• _What is expected_
Would you output all the lines below precisely as they stand, leaving each picture out?

• _Supplied material_
====================

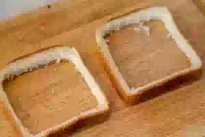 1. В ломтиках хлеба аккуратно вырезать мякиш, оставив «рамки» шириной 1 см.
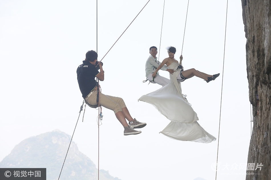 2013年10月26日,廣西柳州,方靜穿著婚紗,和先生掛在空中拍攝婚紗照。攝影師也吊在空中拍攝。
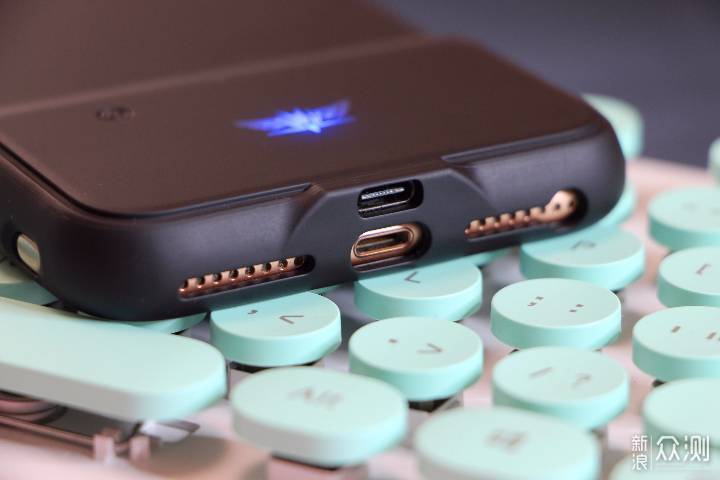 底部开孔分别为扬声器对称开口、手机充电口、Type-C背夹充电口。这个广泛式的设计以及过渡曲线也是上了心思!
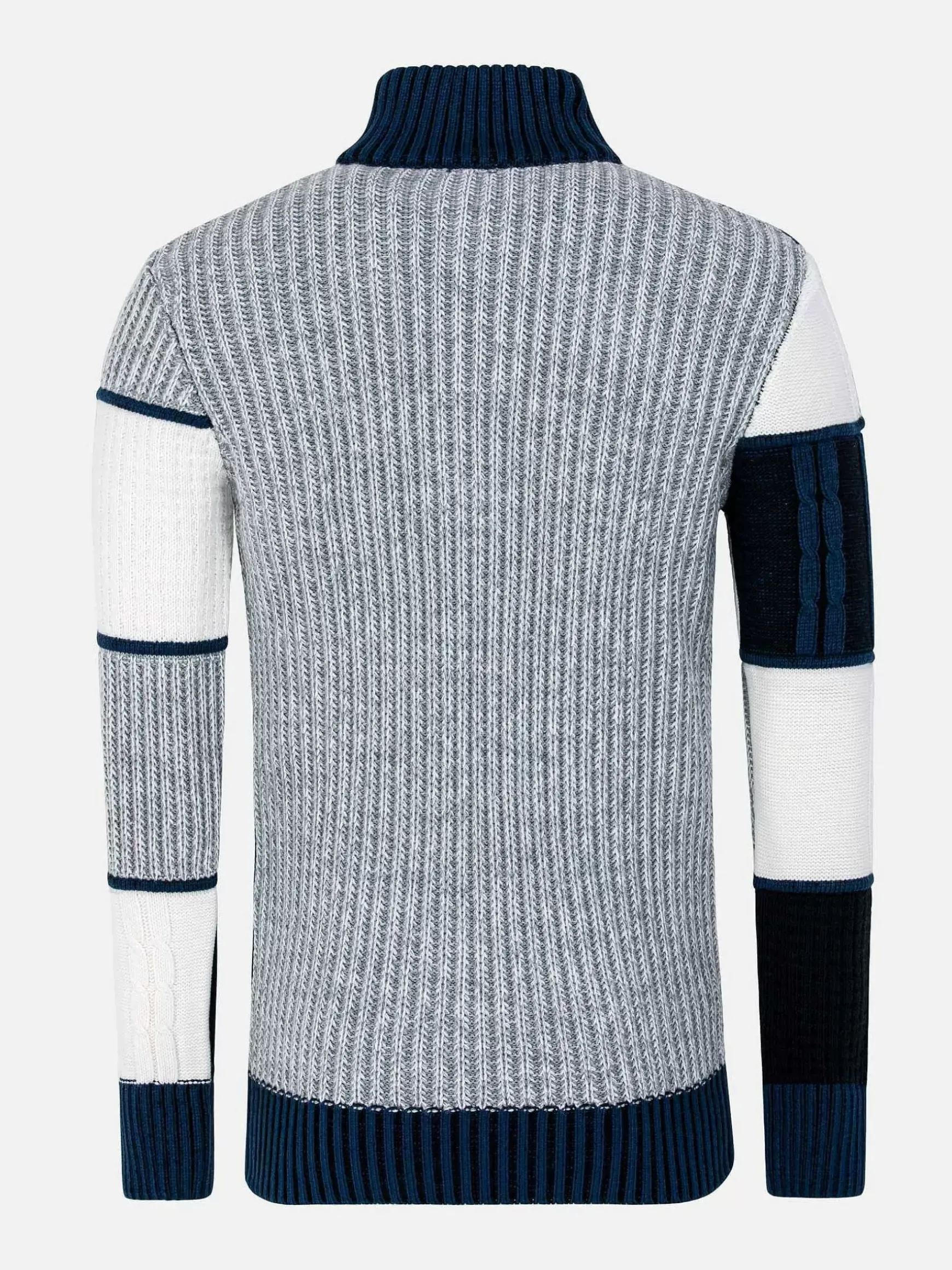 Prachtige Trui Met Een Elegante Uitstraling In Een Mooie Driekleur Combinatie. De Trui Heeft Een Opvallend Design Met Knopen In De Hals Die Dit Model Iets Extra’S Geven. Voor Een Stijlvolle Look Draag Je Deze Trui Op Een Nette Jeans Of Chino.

====================

• _Solved exercise_
 1. В ломтиках хлеба аккуратно вырезать мякиш, оставив «рамки» шириной 1 см.
 2013年10月26日,廣西柳州,方靜穿著婚紗,和先生掛在空中拍攝婚紗照。攝影師也吊在空中拍攝。
 底部开孔分别为扬声器对称开口、手机充电口、Type-C背夹充电口。这个广泛式的设计以及过渡曲线也是上了心思!
 Prachtige Trui Met Een Elegante Uitstraling In Een Mooie Driekleur Combinatie. De Trui Heeft Een Opvallend Design Met Knopen In De Hals Die Dit Model Iets Extra’S Geven. Voor Een Stijlvolle Look Draag Je Deze Trui Op Een Nette Jeans Of Chino.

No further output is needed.